EXERCISE OBJECTIVE |
Using the records below, repeat exactly the lines from the one holding "Strength Training with" through the one holding "XMONKEY Геймърска подложка", both ends included, and no others.

MATERIAL FOR THIS TASK |
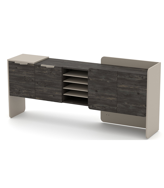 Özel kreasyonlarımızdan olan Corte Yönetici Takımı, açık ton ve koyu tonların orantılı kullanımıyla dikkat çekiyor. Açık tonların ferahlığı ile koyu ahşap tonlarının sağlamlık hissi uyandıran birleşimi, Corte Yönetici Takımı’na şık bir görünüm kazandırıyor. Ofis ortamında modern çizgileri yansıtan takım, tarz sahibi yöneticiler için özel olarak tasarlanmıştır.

--

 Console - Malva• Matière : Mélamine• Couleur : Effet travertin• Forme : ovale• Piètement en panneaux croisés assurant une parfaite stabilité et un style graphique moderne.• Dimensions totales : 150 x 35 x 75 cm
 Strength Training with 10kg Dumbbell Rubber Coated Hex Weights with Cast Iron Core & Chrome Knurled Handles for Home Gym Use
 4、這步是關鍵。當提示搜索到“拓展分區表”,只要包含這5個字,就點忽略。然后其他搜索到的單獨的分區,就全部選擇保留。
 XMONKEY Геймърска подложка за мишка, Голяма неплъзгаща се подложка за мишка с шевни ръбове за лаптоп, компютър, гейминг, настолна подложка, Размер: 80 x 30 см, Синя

ANSWER SECTION |
 Strength Training with 10kg Dumbbell Rubber Coated Hex Weights with Cast Iron Core & Chrome Knurled Handles for Home Gym Use
 4、這步是關鍵。當提示搜索到“拓展分區表”,只要包含這5個字,就點忽略。然后其他搜索到的單獨的分區,就全部選擇保留。
 XMONKEY Геймърска подложка за мишка, Голяма неплъзгаща се подложка за мишка с шевни ръбове за лаптоп, компютър, гейминг, настолна подложка, Размер: 80 x 30 см, Синя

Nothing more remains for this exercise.